EXCERPTED RECORDS:
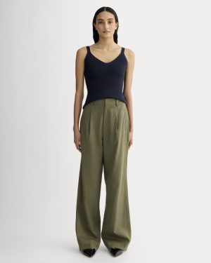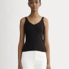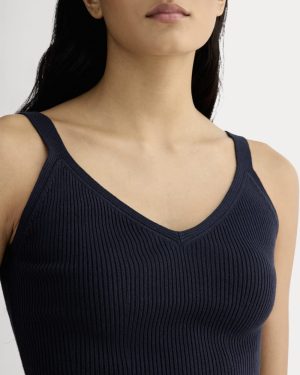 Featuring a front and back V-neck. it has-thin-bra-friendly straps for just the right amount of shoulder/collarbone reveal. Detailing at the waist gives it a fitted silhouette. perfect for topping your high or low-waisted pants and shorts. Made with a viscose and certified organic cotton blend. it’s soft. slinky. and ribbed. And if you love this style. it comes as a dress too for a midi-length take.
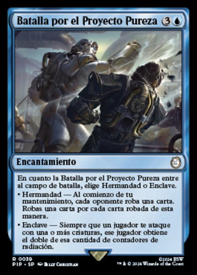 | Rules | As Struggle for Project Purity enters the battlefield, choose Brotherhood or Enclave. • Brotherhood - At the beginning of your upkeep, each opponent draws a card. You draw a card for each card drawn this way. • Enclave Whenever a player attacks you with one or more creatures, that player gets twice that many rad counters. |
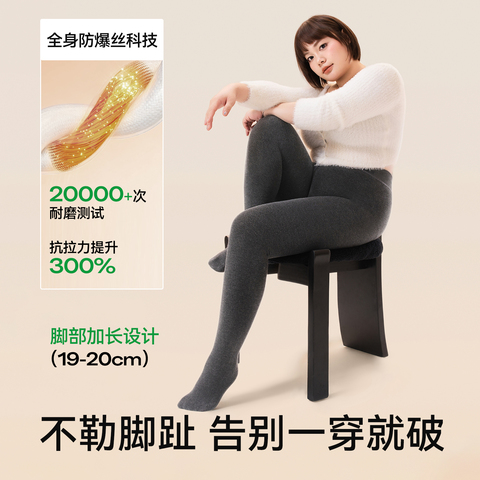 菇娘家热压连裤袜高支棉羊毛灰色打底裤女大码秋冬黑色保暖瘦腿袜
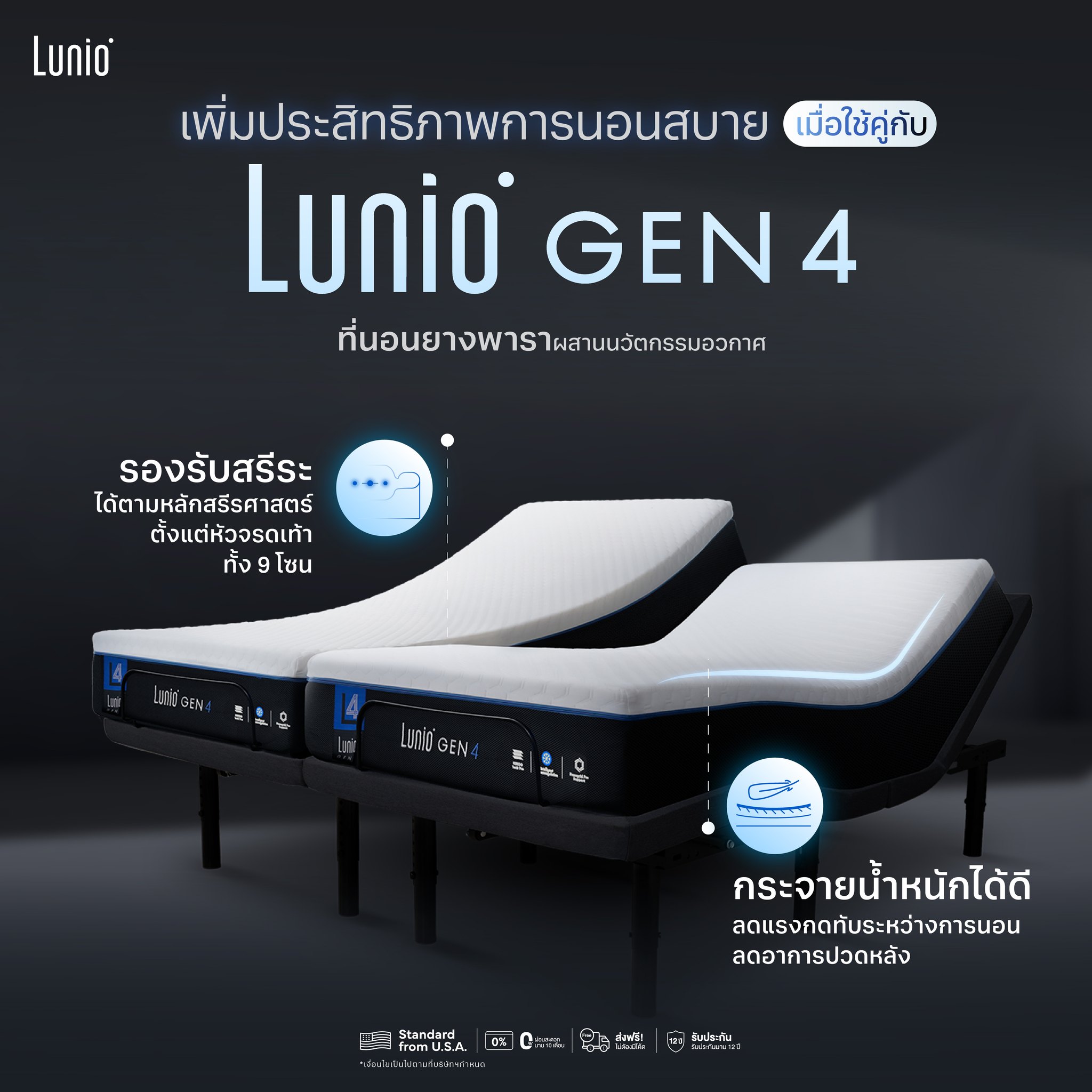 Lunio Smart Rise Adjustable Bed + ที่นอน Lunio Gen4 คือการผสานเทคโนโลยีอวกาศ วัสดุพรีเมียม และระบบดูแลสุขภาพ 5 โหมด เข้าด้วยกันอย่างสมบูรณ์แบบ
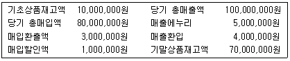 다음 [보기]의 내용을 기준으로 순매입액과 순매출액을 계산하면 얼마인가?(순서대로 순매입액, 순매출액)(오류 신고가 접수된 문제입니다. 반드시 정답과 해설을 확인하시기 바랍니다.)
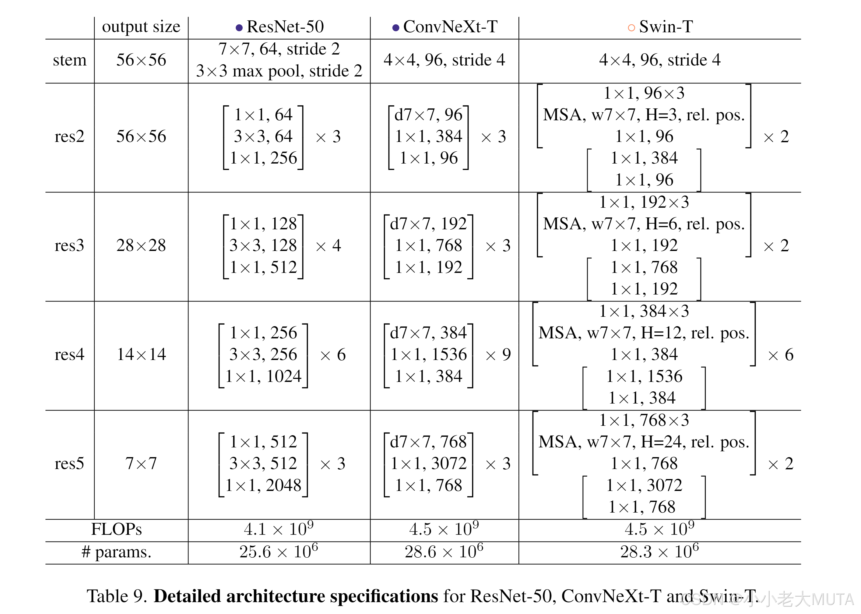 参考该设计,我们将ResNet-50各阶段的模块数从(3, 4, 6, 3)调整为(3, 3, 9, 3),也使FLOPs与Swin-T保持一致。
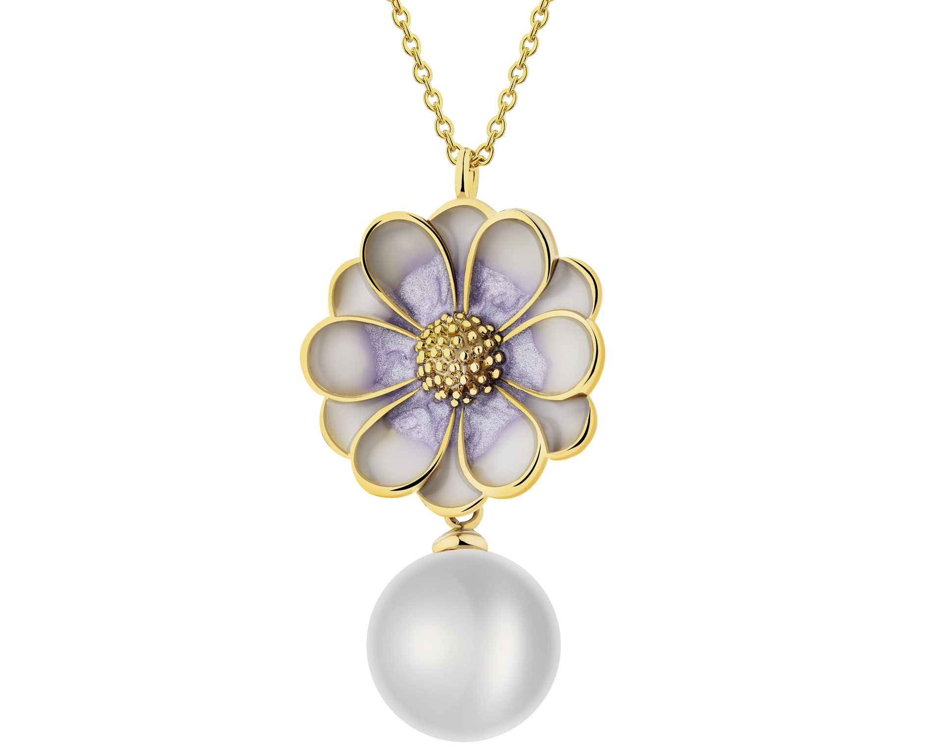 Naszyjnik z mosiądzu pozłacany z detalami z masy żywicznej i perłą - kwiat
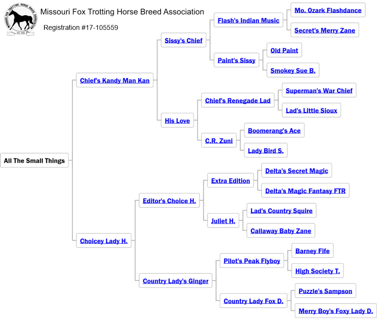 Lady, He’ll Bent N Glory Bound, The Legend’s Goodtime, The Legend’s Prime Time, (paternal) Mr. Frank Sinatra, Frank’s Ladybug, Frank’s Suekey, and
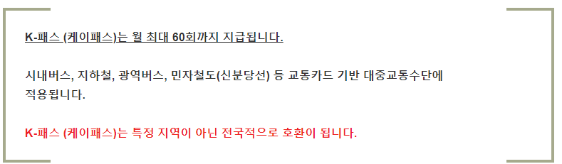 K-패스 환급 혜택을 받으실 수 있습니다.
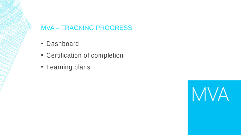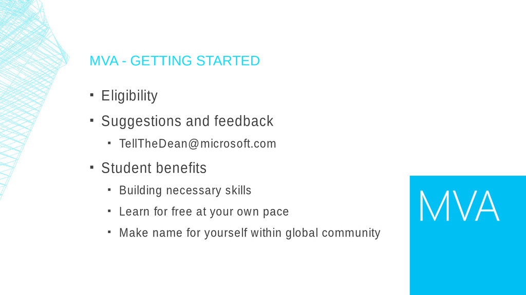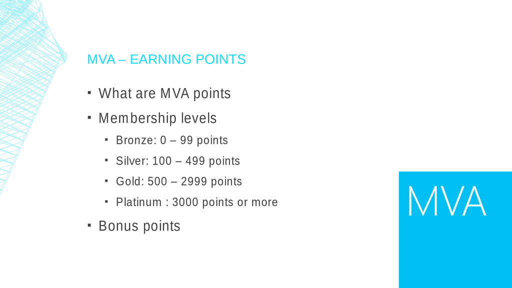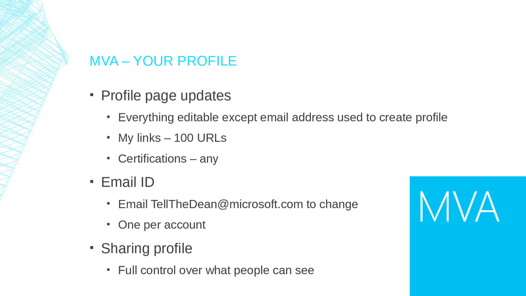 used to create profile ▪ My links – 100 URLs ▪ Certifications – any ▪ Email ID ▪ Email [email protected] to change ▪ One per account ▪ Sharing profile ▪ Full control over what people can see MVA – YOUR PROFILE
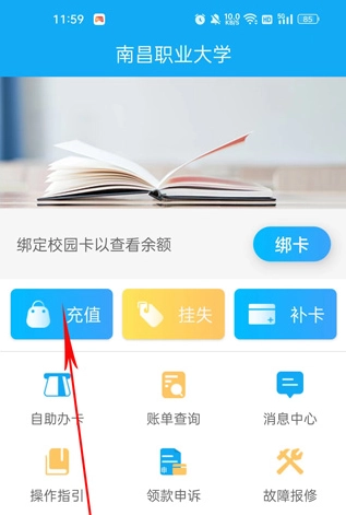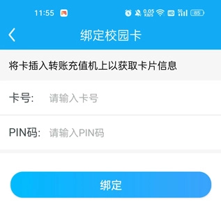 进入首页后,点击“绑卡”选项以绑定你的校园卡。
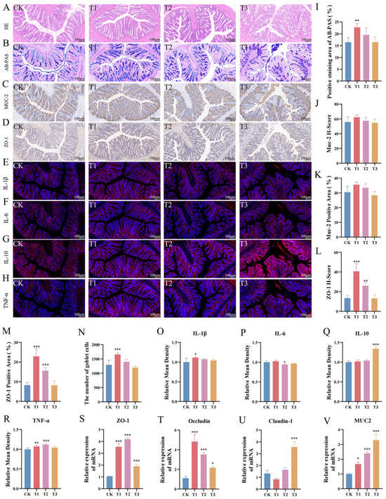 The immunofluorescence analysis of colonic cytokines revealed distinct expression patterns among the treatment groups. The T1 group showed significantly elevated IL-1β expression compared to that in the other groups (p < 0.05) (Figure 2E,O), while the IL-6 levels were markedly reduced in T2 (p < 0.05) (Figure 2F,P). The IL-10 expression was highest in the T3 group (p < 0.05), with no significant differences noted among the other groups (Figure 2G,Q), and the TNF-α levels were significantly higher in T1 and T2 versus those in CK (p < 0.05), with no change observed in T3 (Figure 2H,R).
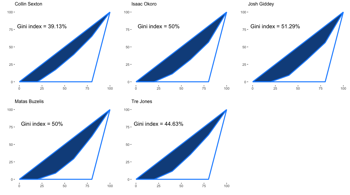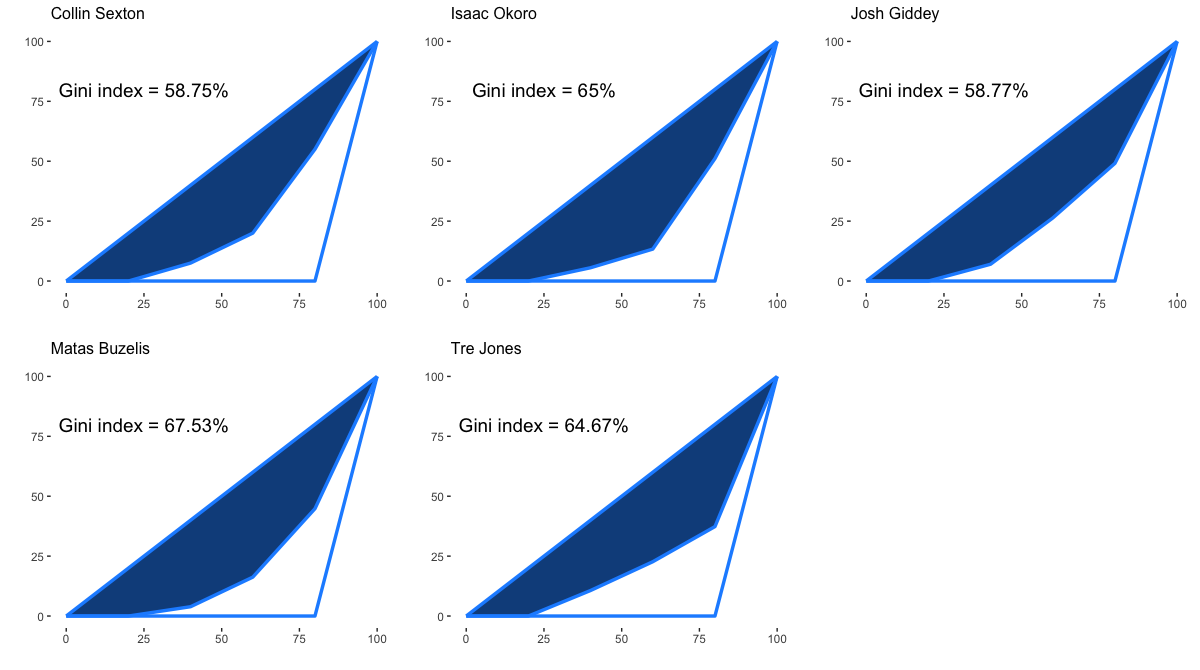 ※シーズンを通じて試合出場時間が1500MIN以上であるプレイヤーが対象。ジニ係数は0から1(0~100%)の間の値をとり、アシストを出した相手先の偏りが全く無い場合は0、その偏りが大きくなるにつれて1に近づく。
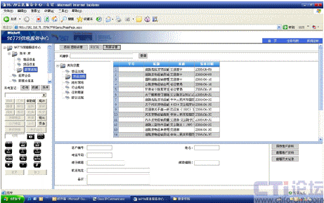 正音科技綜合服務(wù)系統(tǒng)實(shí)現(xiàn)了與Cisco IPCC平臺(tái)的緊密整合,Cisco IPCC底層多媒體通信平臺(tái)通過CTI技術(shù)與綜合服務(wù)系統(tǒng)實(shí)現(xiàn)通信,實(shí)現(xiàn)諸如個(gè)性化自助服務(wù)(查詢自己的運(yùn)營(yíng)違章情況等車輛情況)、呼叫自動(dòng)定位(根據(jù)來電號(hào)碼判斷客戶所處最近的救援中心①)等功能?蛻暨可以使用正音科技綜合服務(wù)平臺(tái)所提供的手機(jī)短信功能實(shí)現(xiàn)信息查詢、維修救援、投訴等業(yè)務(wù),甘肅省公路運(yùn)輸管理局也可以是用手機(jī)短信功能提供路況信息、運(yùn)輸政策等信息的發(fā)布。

ACTIVITY:
Take the lines of the material above from the first through the one containing "菇娘家热压连裤袜高支棉羊毛灰色打底裤女大码秋冬黑色保暖瘦腿袜", both included, and print them exactly without the pictures.

RESPONSE TO THE TASK:
 Featuring a front and back V-neck. it has-thin-bra-friendly straps for just the right amount of shoulder/collarbone reveal. Detailing at the waist gives it a fitted silhouette. perfect for topping your high or low-waisted pants and shorts. Made with a viscose and certified organic cotton blend. it’s soft. slinky. and ribbed. And if you love this style. it comes as a dress too for a midi-length take.
 | Rules | As Struggle for Project Purity enters the battlefield, choose Brotherhood or Enclave. • Brotherhood - At the beginning of your upkeep, each opponent draws a card. You draw a card for each card drawn this way. • Enclave Whenever a player attacks you with one or more creatures, that player gets twice that many rad counters. |
 菇娘家热压连裤袜高支棉羊毛灰色打底裤女大码秋冬黑色保暖瘦腿袜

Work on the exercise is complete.